If we train the Sklearn Gaussian Naive Bayes classifier on the same data set, we will get exactly the same result:
from sklearn.naive_bayes import GaussianNB
gnb = GaussianNB()
used_features =["Fare"]
y_pred = gnb.fit(X_train[used_features].values, X_train["Survived"]).predict(X_test[used_features])
print("Number of mislabeled points out of a total {} points: {}, performance {:05.2f}%"
.format(
X_test.shape[0],
(X_test["Survived"] != y_pred).sum(),
100* (1-(X_test["Survived"] != y_pred).sum()/X_test.shape[0])
))
print("Std Fare not_survived {: 05.2 f}".format(np.sqrt(gnb.sigma_)[0] [0]))
print("Std Fare survived: {: 05.2 f}".format(np.sqrt(gnb.sigma_)[1] [0]))
print("Mean Fare not_survived {: 05.2 f}".format(gnb.theta_[0] [0]))
print("Mean Fare survived: {: 05.2 f}".format(gnb.theta_[1] [0]))
Copy the code
Number of mislabeled points out of a total 357 points: 128, Performance 64.15% Std Fare not_survived 36.29 Std Fare: 66.91 Mean Fare not_survived 24.61 Mean Fare survived: 54.75Copy the code
Advantages and disadvantages of naive Bayes classifier
Advantages:
- Quick computation
- Implement a simple
- Performs well on small data sets
- Performs well on high dimensional data
- Even if the naive hypothesis is not fully satisfied, it can perform well. In many cases, approximating data is all you need to build a good classifier.
Disadvantages:
- Relevant features need to be removed because they will be calculated twice in the model, leading to an overestimation of the importance of the feature.
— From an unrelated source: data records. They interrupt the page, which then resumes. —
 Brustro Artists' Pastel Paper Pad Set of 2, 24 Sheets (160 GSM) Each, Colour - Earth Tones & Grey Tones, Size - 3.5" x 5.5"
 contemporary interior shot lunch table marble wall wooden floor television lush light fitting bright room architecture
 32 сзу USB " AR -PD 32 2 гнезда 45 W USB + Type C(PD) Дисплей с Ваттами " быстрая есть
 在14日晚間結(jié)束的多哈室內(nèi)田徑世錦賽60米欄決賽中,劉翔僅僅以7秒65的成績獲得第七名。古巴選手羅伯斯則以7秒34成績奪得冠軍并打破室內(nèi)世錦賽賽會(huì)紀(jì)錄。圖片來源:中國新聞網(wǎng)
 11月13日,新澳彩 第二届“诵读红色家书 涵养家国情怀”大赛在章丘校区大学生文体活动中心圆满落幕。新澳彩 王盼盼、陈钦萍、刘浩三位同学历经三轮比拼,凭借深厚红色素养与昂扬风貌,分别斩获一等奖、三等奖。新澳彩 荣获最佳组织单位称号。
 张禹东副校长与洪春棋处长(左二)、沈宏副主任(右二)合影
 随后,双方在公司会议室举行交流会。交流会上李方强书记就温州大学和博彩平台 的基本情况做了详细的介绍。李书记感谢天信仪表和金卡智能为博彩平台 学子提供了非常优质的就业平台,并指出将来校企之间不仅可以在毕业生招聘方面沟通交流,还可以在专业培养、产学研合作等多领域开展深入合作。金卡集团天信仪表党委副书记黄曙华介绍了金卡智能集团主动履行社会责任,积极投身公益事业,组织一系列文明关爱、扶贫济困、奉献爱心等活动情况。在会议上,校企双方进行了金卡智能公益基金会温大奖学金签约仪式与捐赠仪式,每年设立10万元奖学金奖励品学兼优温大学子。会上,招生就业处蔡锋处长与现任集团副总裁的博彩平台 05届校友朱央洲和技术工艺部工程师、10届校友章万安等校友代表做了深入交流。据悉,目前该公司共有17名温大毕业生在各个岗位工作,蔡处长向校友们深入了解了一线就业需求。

- If a category of a categorical variable does not appear in the training set in the test set, the model sets this to zero probability. It will not be able to predict. This is often referred to as the “zero frequency”. We can use smoothing techniques to solve this problem. One of the simplest smoothing techniques is called Laplacian smoothing. When you train a naive Bayes classifier, Sklearn uses the Laplace smoothing algorithm by default.
conclusion
Thank you so much for reading this article. I hope it helps you understand the concept of naive Bayes classifier and its advantages.
Antoine Toubhans, Flavian Hautbois, Adil Baaj and Raphael Meudec.
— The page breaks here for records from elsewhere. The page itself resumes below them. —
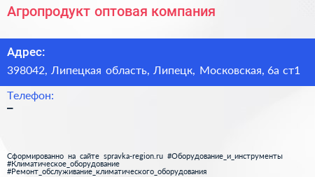 Агропродукт, оптовая компания по адресу 398042, Липецкая область, Липецк, Московская, 6а ст1 в дальнейшем Организация, размещена в следующих категориях: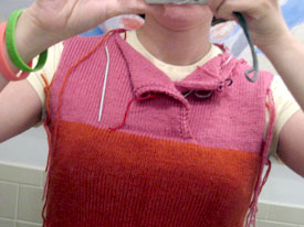 Next, a little HP knitting controversy. Have you seen the picture from the upcoming Goblet of Fire movie of Cho wearing her school scarf? There is some discussion that it looks like a 1x1 rib, instead of the stockinette that all the Prisoner of Azkaban patterns call for. I have to say, I'm not convinced. Just looks like machine-knit stockinette to me.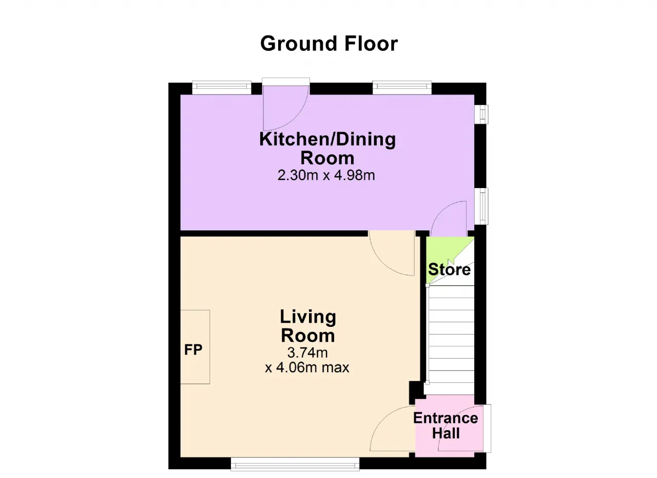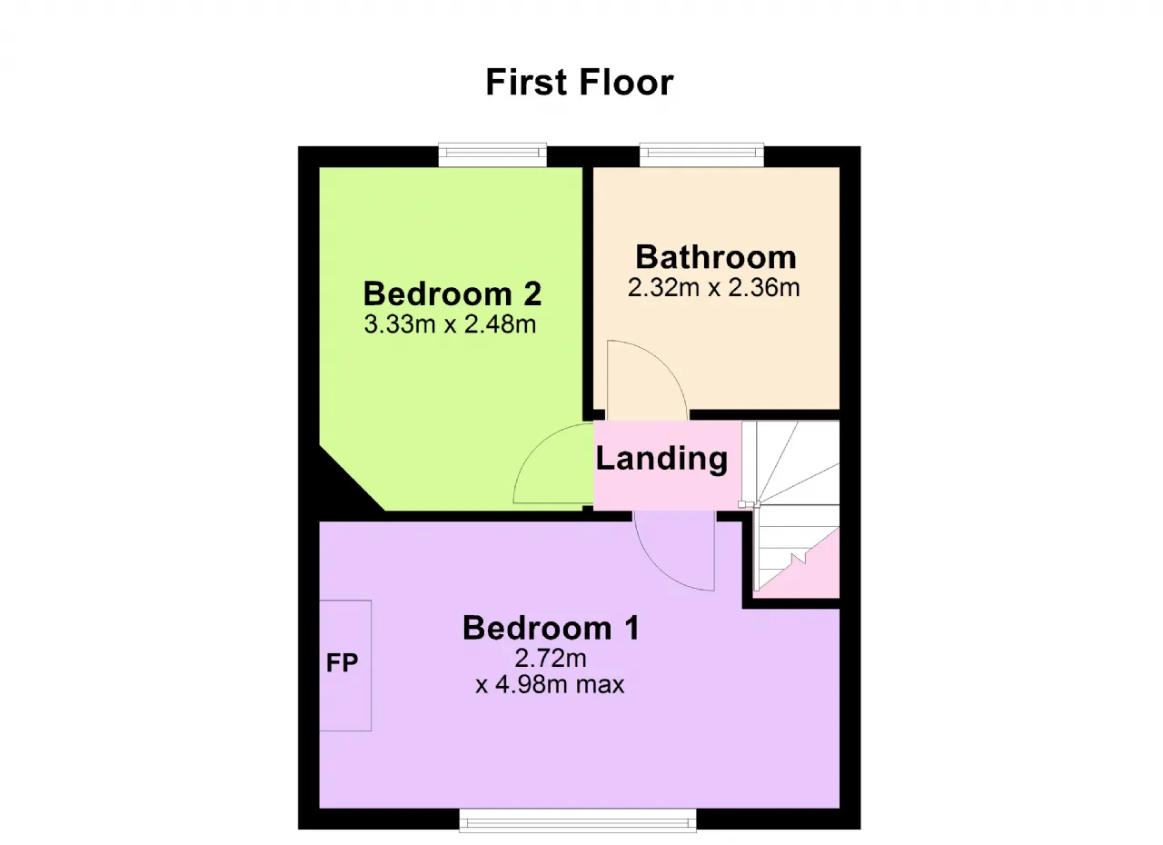 Bedroom 1 2.72m x 4.98m Spacious double with feature fireplace, built-in shelving, and large store cupboard.

If you find any mistakes in your translation or other areas that need to be improved, you are welcome to the Nuggets Translation Program to revise and PR your translation, and you can also get the corresponding reward points. The permanent link to this article at the beginning of this article is the MarkDown link to this article on GitHub.
The Nuggets Translation Project is a community that translates quality Internet technical articles from English sharing articles on nuggets. The content covers Android, iOS, front-end, back-end, blockchain, products, design, artificial intelligence and other fields. If you want to see more high-quality translation, please continue to pay attention to the Translation plan of Digging Gold, the official Weibo, Zhihu column.